Сердце больно кольнуло. Те же самые слова я слышала от Саида – но как велика разница между его любовью и равнодушием этого мужчины. Саид говорил мне, что тысячу раз на дню повторяет мое имя. Глаза набухли слезами. Я повернулась и побрела в кухню, отнесла поднос с завтраком в холл, расстелила на полу скатерть. Чужак, с мокрыми волосами и полотенцем на шее, следовал за мной. Темные глаза казались добрыми – и веселыми. Я как-то сразу перестала бояться.
– Замечательно! Отличный завтрак. И свежий хлеб! А быть женатым не так уж плохо.
Мне подумалось, он говорит это, чтобы меня подбодрить. Извиниться за то, что даже имени моего не знал. Он сел, скрестив ноги, и я поставила перед ним чай. Он намазал хлеб мягким сыром и спросил:
– Объясни, почему ты так меня боялась? Я сам по себе страшен или ты бы испугалась любого, кто явился к тебе как супруг?
– Я бы испугалась любого.
Про себя я добавила: “Кроме Саида. Будь это он, я бы сама бросилась к нему в объятия, всем сердцем, всей душой”.
– Так зачем же ты вышла замуж? – спросил он.
– Пришлось.
– Почему?
– Мои родные сочли, что мне пора.
– Ты еще очень молода. По-твоему, тебе уже пора?
– Нет, я хотела учиться.
– И почему не стала?
– Сначала они сказали, что аттестата о шестилетнем образовании для девочки достаточно, – пояснила я. – Но я просила и молила и мне позволили еще несколько лет ходить в школу.
– То есть тебя заставили пройти через брачную церемонию и тебе не разрешили больше учиться, хотя это твое законное право.
– Да.
– Почему ты не сопротивлялась? Почему не отказалась повиноваться? Не взбунтовалась?

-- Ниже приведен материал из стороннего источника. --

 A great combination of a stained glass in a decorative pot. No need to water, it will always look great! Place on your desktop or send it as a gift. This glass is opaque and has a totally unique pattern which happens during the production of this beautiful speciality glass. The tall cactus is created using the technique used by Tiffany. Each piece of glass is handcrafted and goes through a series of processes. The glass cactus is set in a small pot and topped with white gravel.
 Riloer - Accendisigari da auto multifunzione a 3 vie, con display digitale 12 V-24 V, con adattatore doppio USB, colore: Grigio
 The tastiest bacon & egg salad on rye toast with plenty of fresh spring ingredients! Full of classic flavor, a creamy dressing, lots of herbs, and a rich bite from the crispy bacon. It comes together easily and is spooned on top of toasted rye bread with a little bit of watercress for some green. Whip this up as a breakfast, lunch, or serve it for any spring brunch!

Глаза у него так и сверкали.
– Нужно отстаивать свои права, пусть даже силой. Если бы люди не подчинялись насилию, так и насилия в мире было бы гораздо меньше. Именно пассивная покорность укрепляет основы тирании.

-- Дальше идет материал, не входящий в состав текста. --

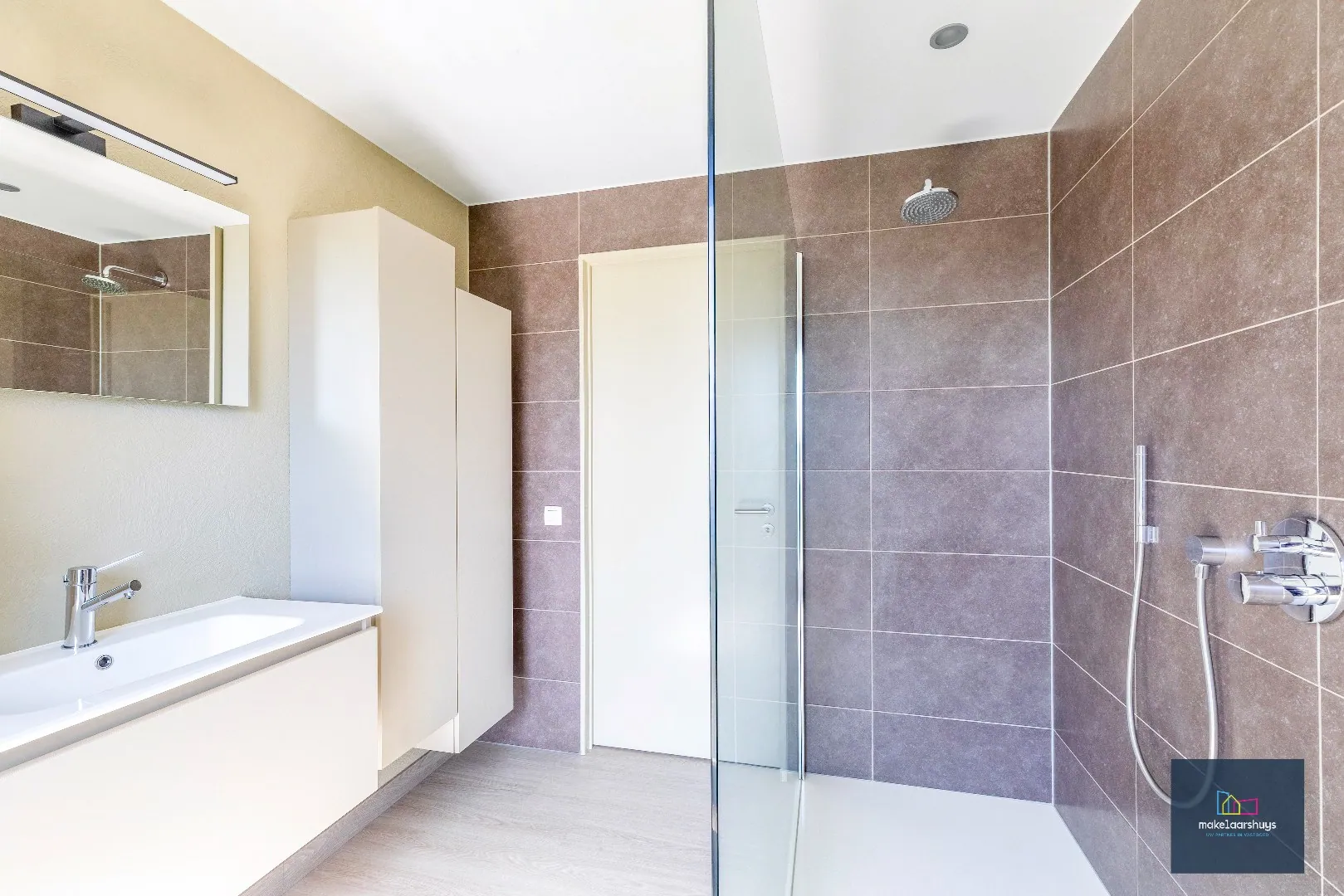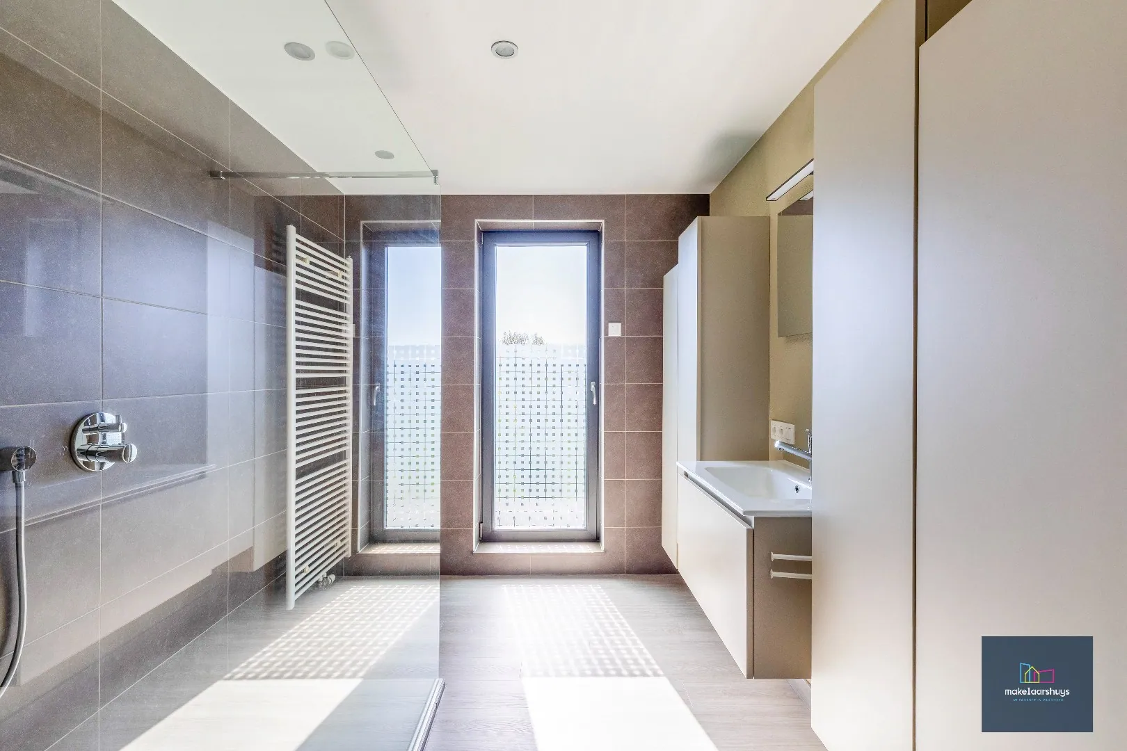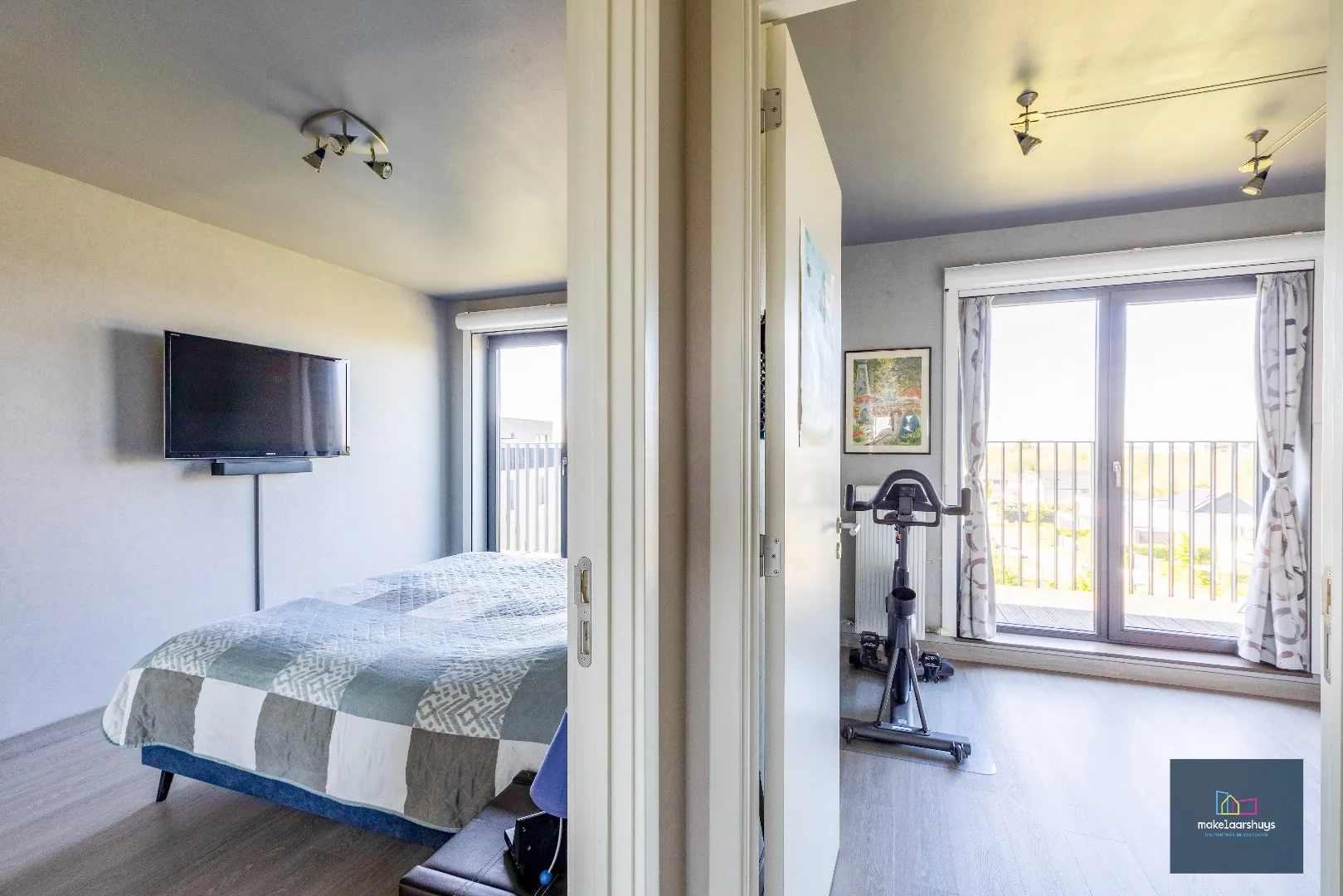 Het appartement beschikt over twee volwaardige slaapkamers en een ruime badkamer met inloopdouche en lavabo.

Я слушала его с изумлением: этот мужчина понятия не имел о том, как устроен мир. Заглушив смех, я с улыбкой (полагаю, довольно-таки иронической) уточнила:
– А вы, значит, не поддались насилию?
Он вытаращил глаза и переспросил:
– Кто? Я?
– Да, вы.
– Вас ведь тоже заставили пройти через брачную церемонию, правда?
– Кто тебе такое сказал?
– Это очевидно. Или вам не терпелось вступить в брак? Ваша мама хлопотала изо всех сил, плакала, падала в обморок, пока вы наконец не снизошли.
– Моя мама сказала тебе?.. Что ж, это правда. И ты права – меня принудили к браку. Побои и пытки – не единственная форма угнетения, порой нас обезоруживают любовью, привязанностью. Но я согласился лишь потому, что думал: ни одна девушка не согласится выйти замуж за меня на таких условиях.
После этого мы какое-то время ели молча. Потом он взял стакан с чаем, откинулся на подушки и сказал:
– А ты умеешь отвечать ударом на удар. Мне понравилось! Ни на минуту не задумалась!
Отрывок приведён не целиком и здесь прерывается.